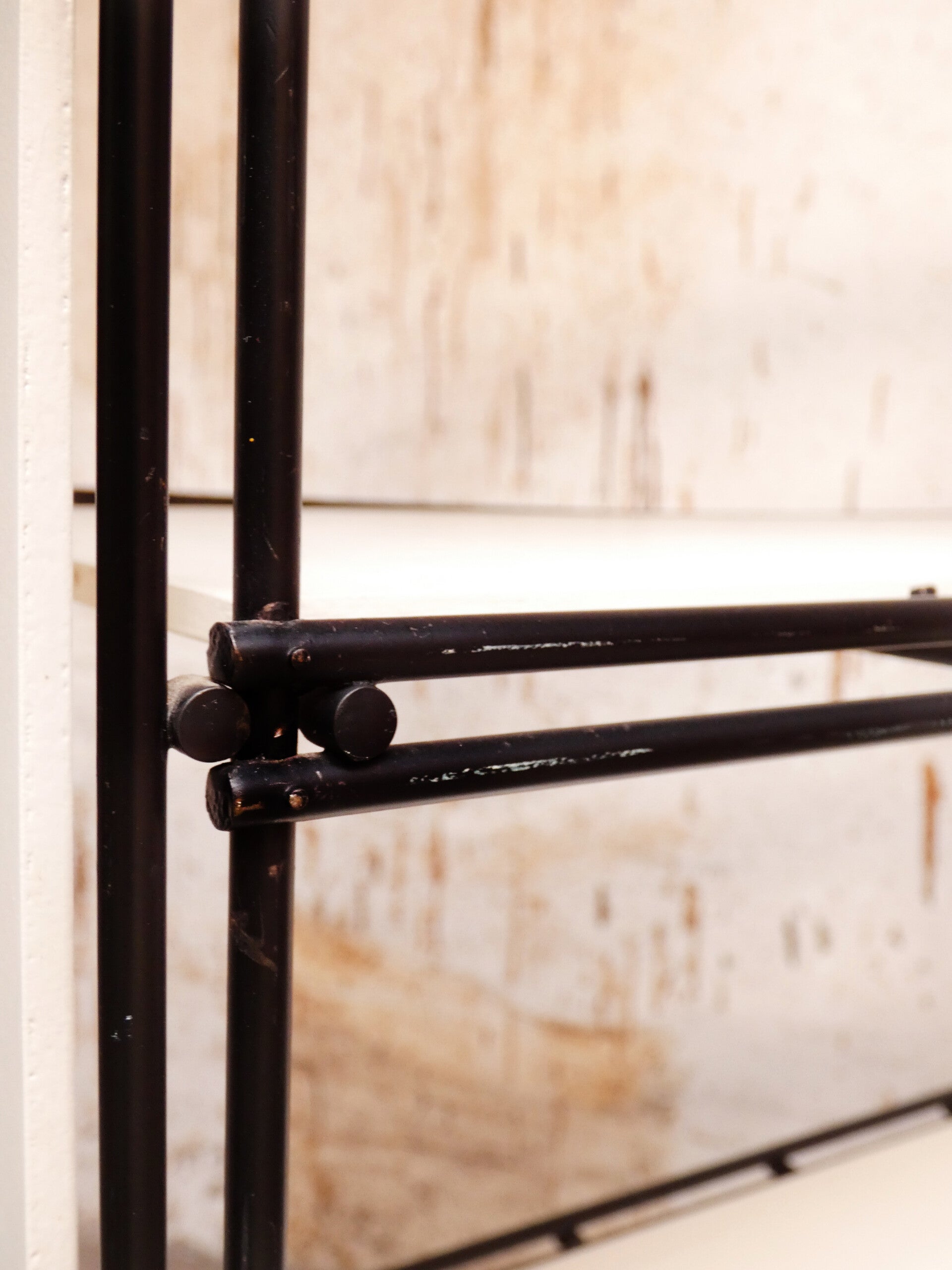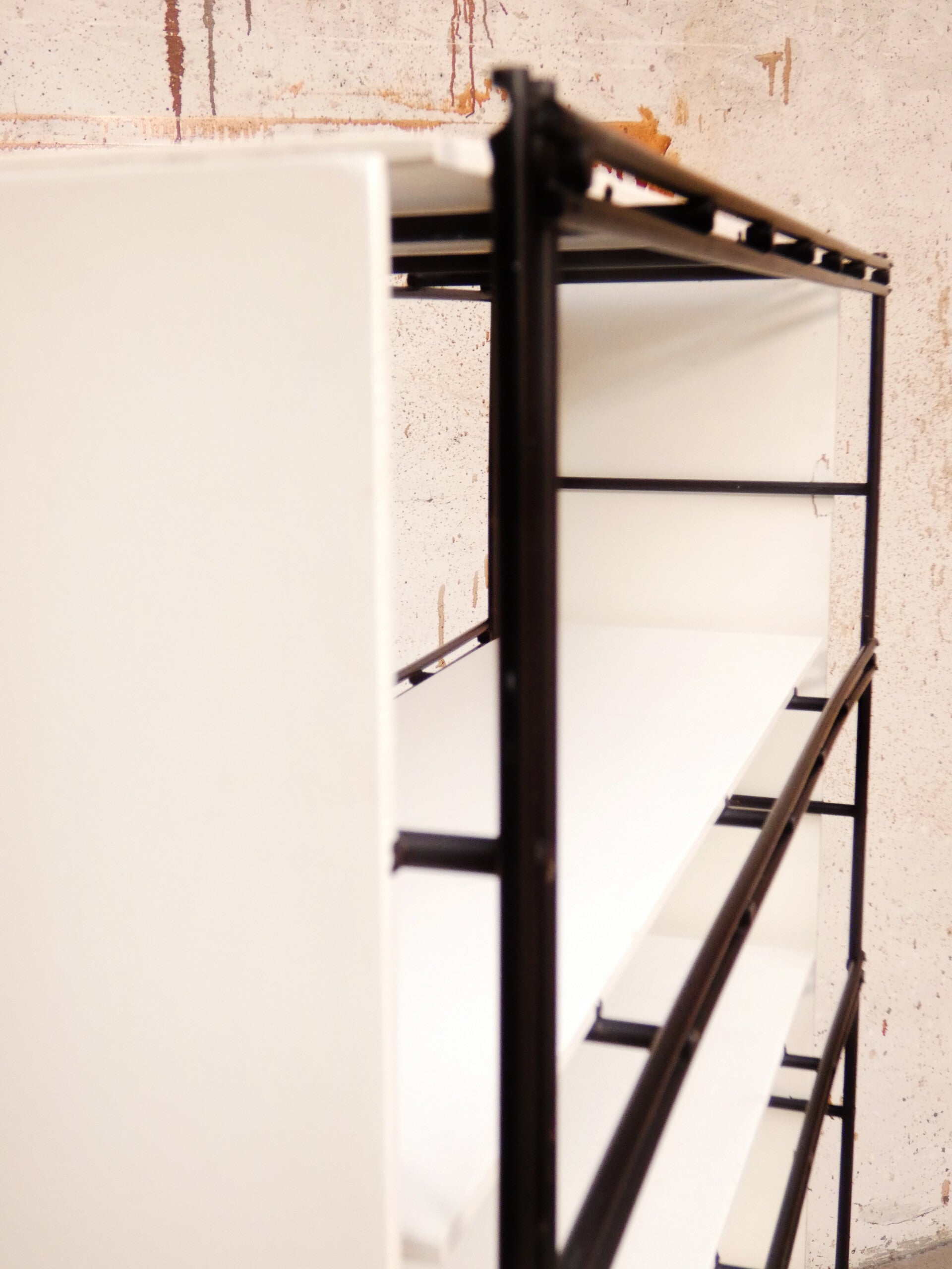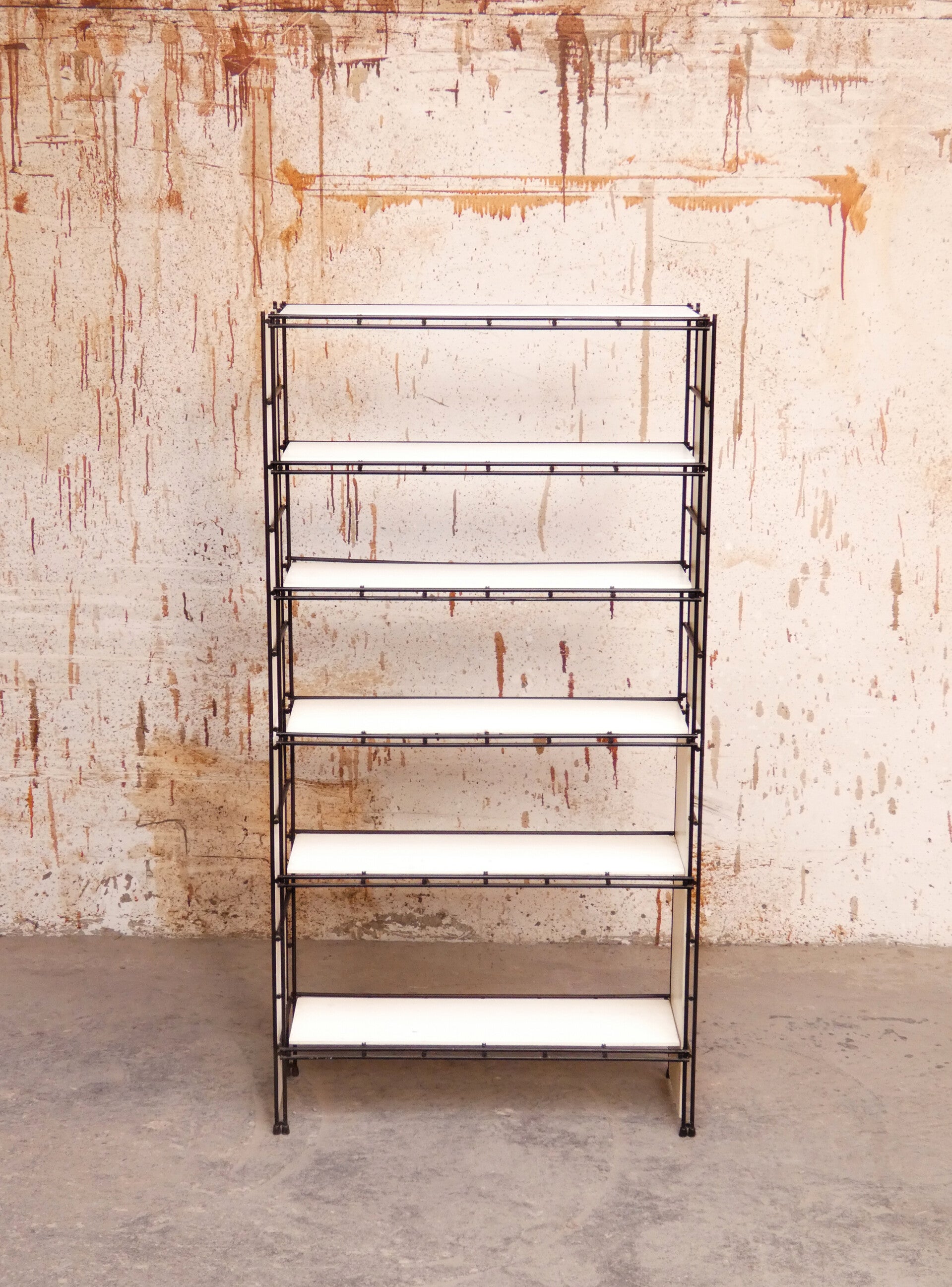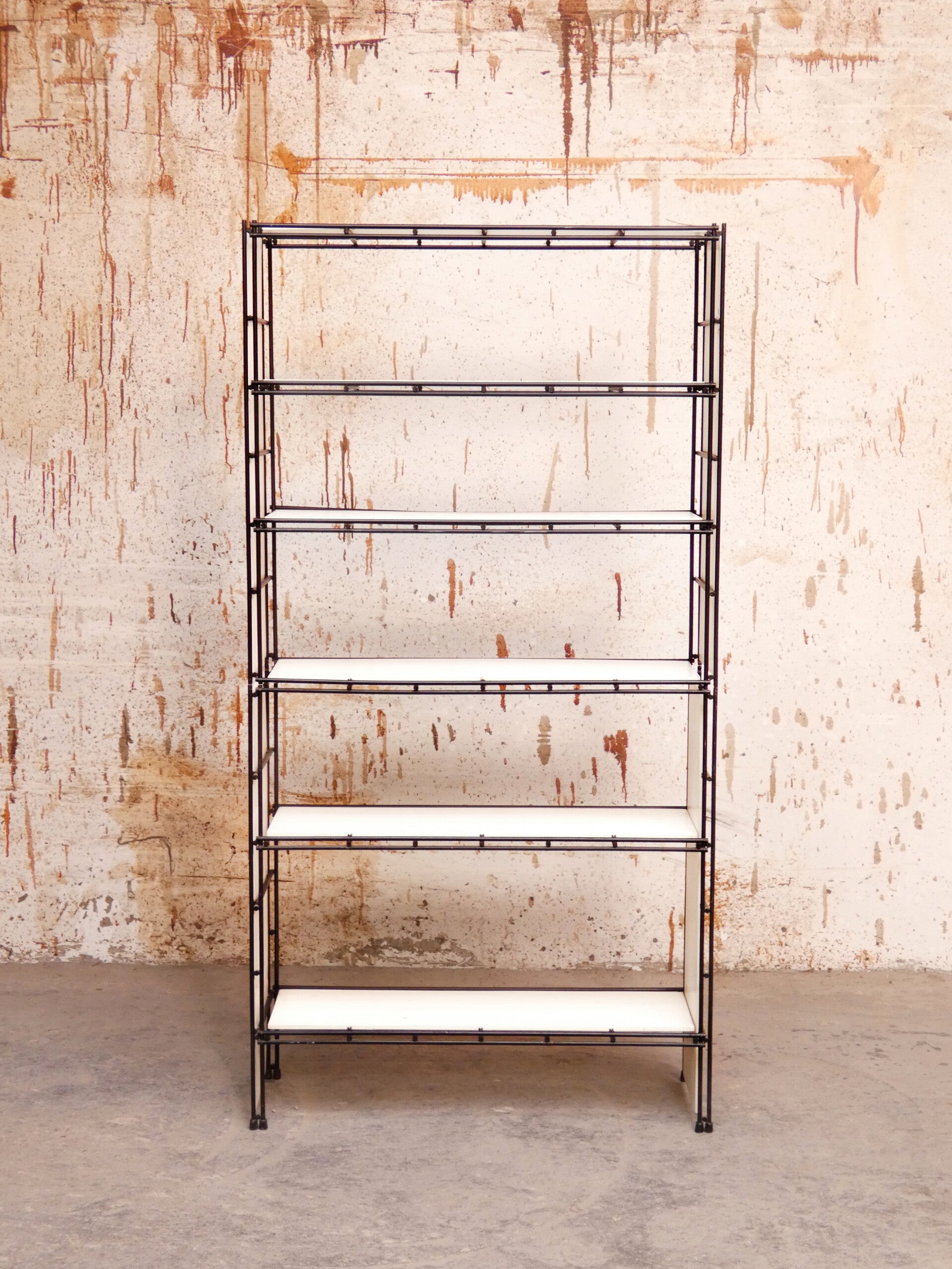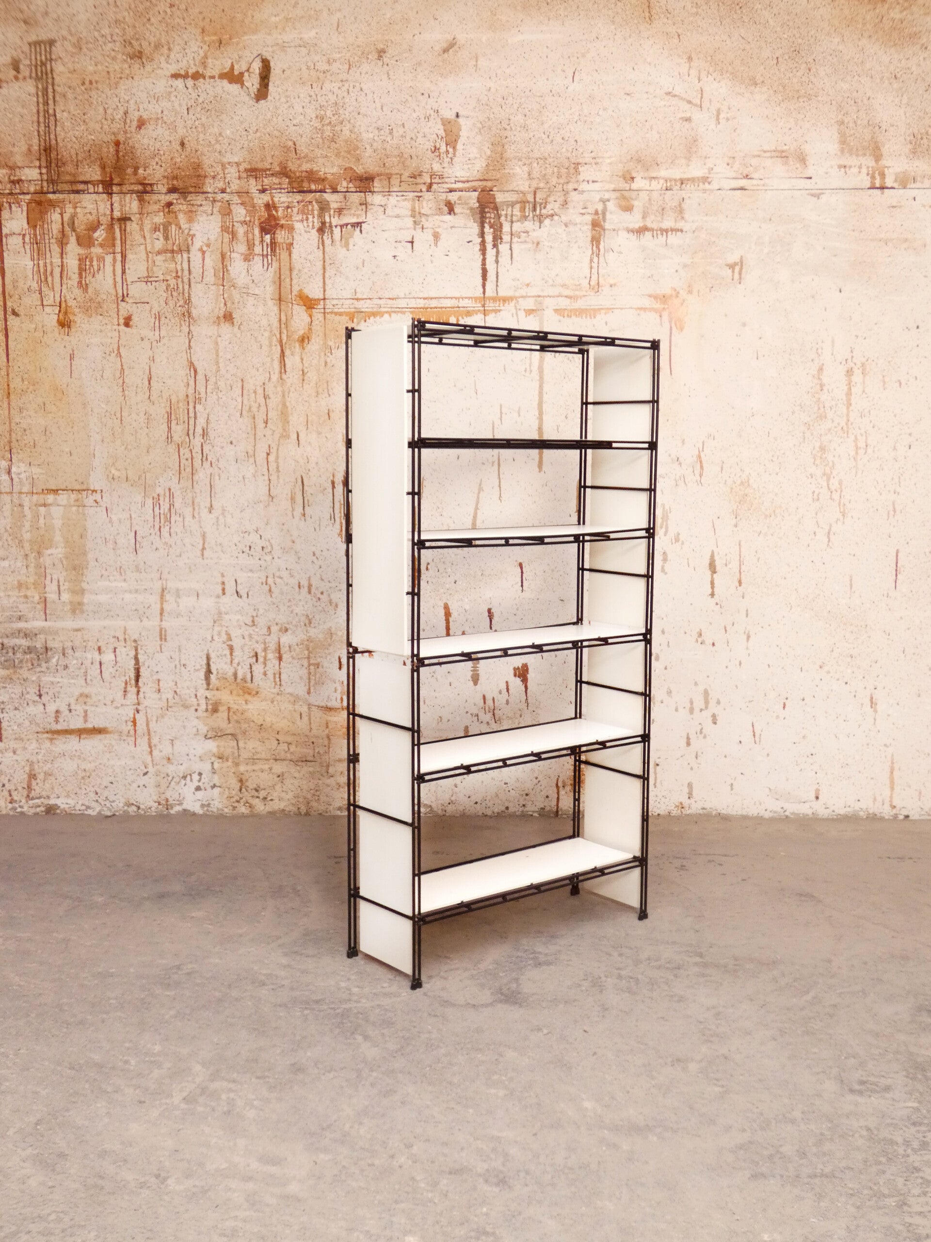 Modular shelving unit from the 1960 for the brand Multimueble Multistrux Spain. Tubular structure in matt black metal and white wooden shelves.
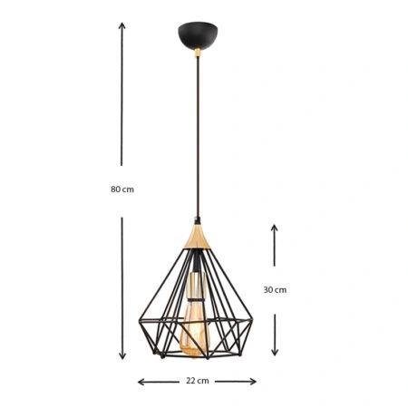 Φωτιστικό οροφής Hideki E27 μεταλλικό μονόφωτο χρώμα μαύρο 22x22x80εκ.
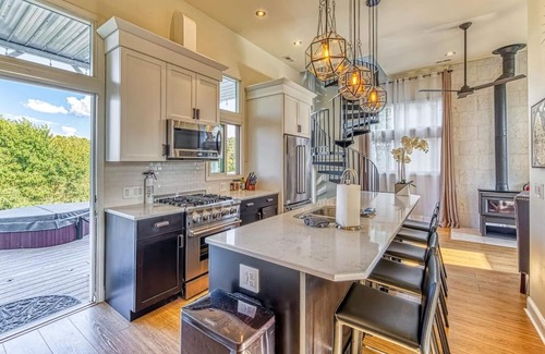 * LEVEL ONE: Kitchen, Living Room (pullout queen sofa, space for 1 Aerobeds), 1 full bathroom, Entry, and first level deck (hot tub, grill, dining), connection with Main House

**Task prompt**. Only the pictures may be dropped when you copy the data above; everything else stays exact.

**Solution**.
 Modular shelving unit from the 1960 for the brand Multimueble Multistrux Spain. Tubular structure in matt black metal and white wooden shelves.
 Φωτιστικό οροφής Hideki E27 μεταλλικό μονόφωτο χρώμα μαύρο 22x22x80εκ.
 * LEVEL ONE: Kitchen, Living Room (pullout queen sofa, space for 1 Aerobeds), 1 full bathroom, Entry, and first level deck (hot tub, grill, dining), connection with Main House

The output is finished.